For the given data matrix, the permutation test of correlation is calculated for every pair of variables.

cor_permutationTest(
  data,
  n_repetitions = 100,
  alternative = "two_sided",
  zero_precisionC = 1e-06
)

Arguments

data

Data matrix or data frame with samples in rows and variables in columns.

n_repetitions

Number of repetitions of subsampling. For large `data` matrices, large number of repetitions can take a long time.

alternative

Alternative hypothesis for the permutation test. Takes one of the values: `"less"`, `"greater"`, `"two_sided"` or `"two_sided_signed"`. See details.

zero_precisionC

The zero precision passed to the C++ function. All numbers with absolute value smaller than `zero_precisionC` will be set to zero. Defaults to 10^(-6).

Value

A data frame with names of variables in first two columns and p-value of correlation test between the two variables in the third column. In the rows, all pairwise correlations are listed.

Details

For every pair of variables, for `n_repetitions` times, a permutation of the samples is randomly chosen and the correlation between the original samples for variable i and permuted samples for variable j is calculated and compared to the true correlation coefficient. The p-value is obtained as percentage of times when the "permuted" correlation was more significant that the "true" correlation. Significance is determined based on the `alternative` parameter. If the `alternative` is

  • `"less"`: we count number of times "permuted" correlation is smaller than the "true" correlation.

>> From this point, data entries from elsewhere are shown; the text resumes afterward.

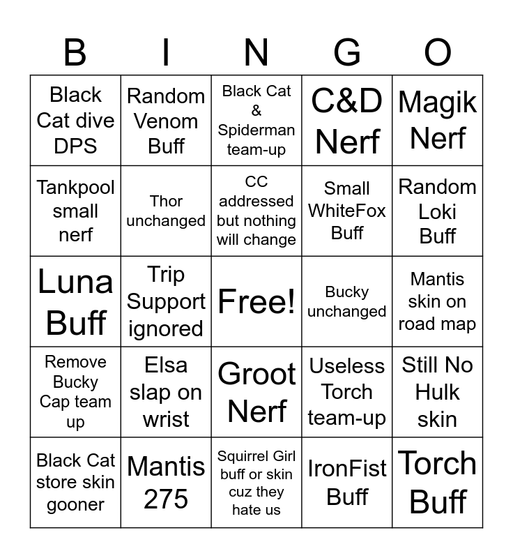 This bingo card has a free space and 24 words: Elsa slap on wrist, Mantis 275, CC addressed but nothing will change, Black Cat store skin gooner, Magik Nerf, Black Cat dive DPS, Tankpool small nerf, Random Venom Buff, Bucky unchanged, Groot Nerf, Small WhiteFox Buff, Luna Buff, Useless Torch team-up, Still No Hulk skin, Thor unchanged, IronFist Buff, Mantis skin on road map, Black Cat & Spiderman team-up, Random Loki Buff, Trip Support ignored, Torch Buff, Remove Bucky Cap team up, C&D Nerf and Squirrel Girl buff or skin cuz they hate us.
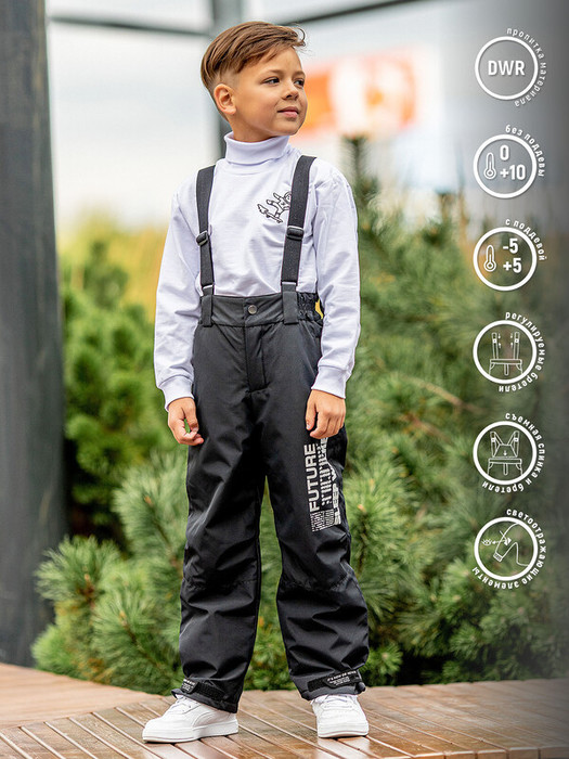 Брюки для мальчика Вегас демисезонные утепленные в темно-серой расцветке. Брюки-полукомбинезон для детей подойдут на весну и осень. Имеют эластичную талию и регулируемые съемные лямки. Подойдут для прогулки, занятий спортом, школы и детского сада.   Особенности:  Регулируемая талия Съёмные бретели Объёмные карманы на молнии Низ утягивается на декоративную пату и велкро для трансформации в джоггеры Светоотражающие канты и термотрансферы Водоотталкивающая пропитка ткани DWR Характеристики:Ткань верха: Мембрана Подклад: таффетаУтеплитель: 60 слайтекс Температурный режим от +10 до -5 СПроизводитель: batik
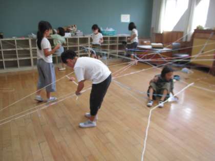 色々なひもからイメージをふくらませ、とても楽しい世界をつくっていました。ダイナミックに想像をふくらませ、友達と協力しながら学習していました。
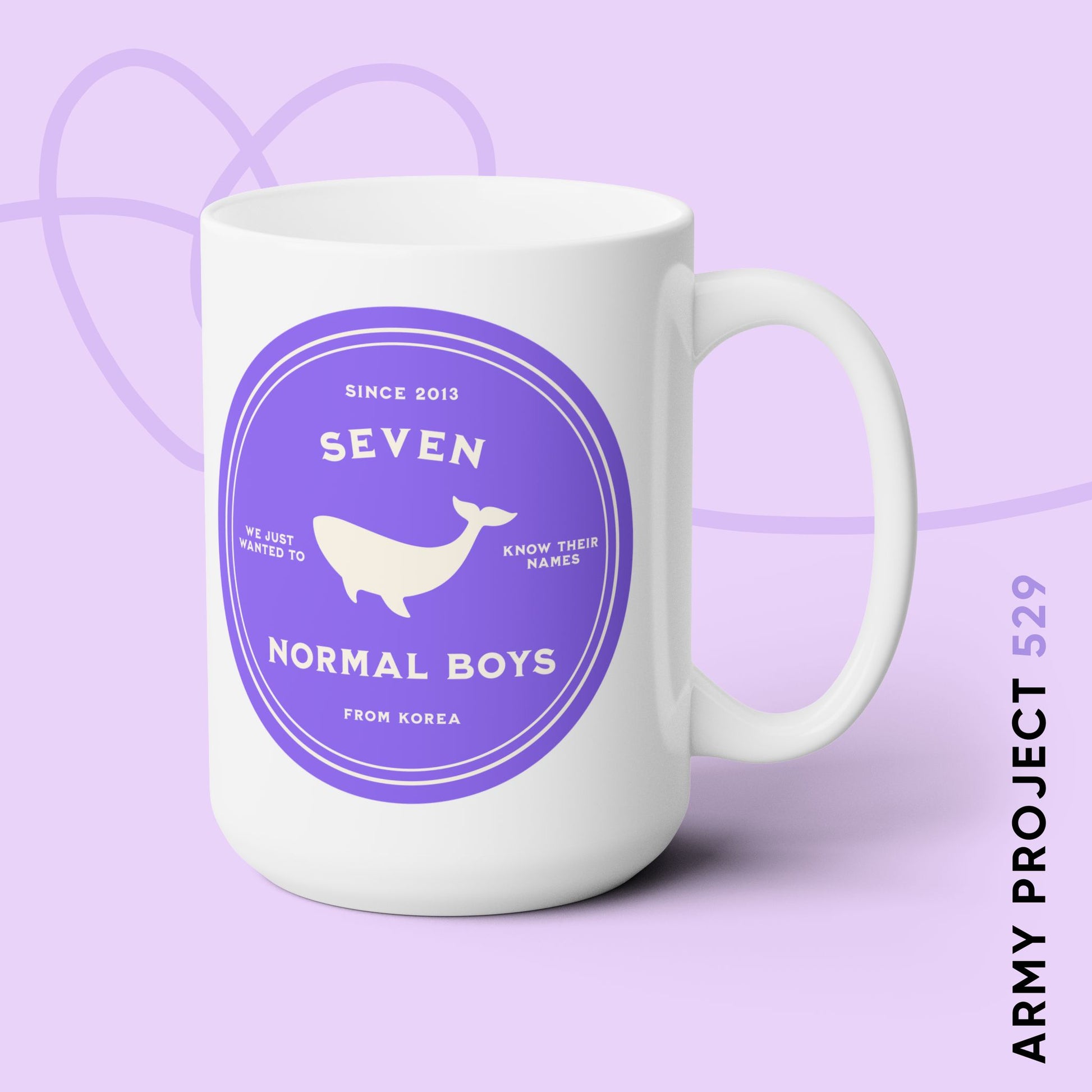 This mug features an original design created by our team, representing the whole of Bangtan with a symbolic Whale silhouette, nodding to the emotional song "Whalien 52." The text honors their journey and humble origins:

  • `"greater"`: we count number of times "permuted" correlation is greater than the "true" correlation.

  • `"two_sided"`: we count number of times absolute value of "permuted" correlation is greater than the absolute value of the "true" correlation.

  • `"two_sided_signed"`: we count when "permuted" correlation is greater than the "true" correlation for positive "true" correlation or when "permuted" correlation is smaller than the "true" correlation for negative "true" correlation.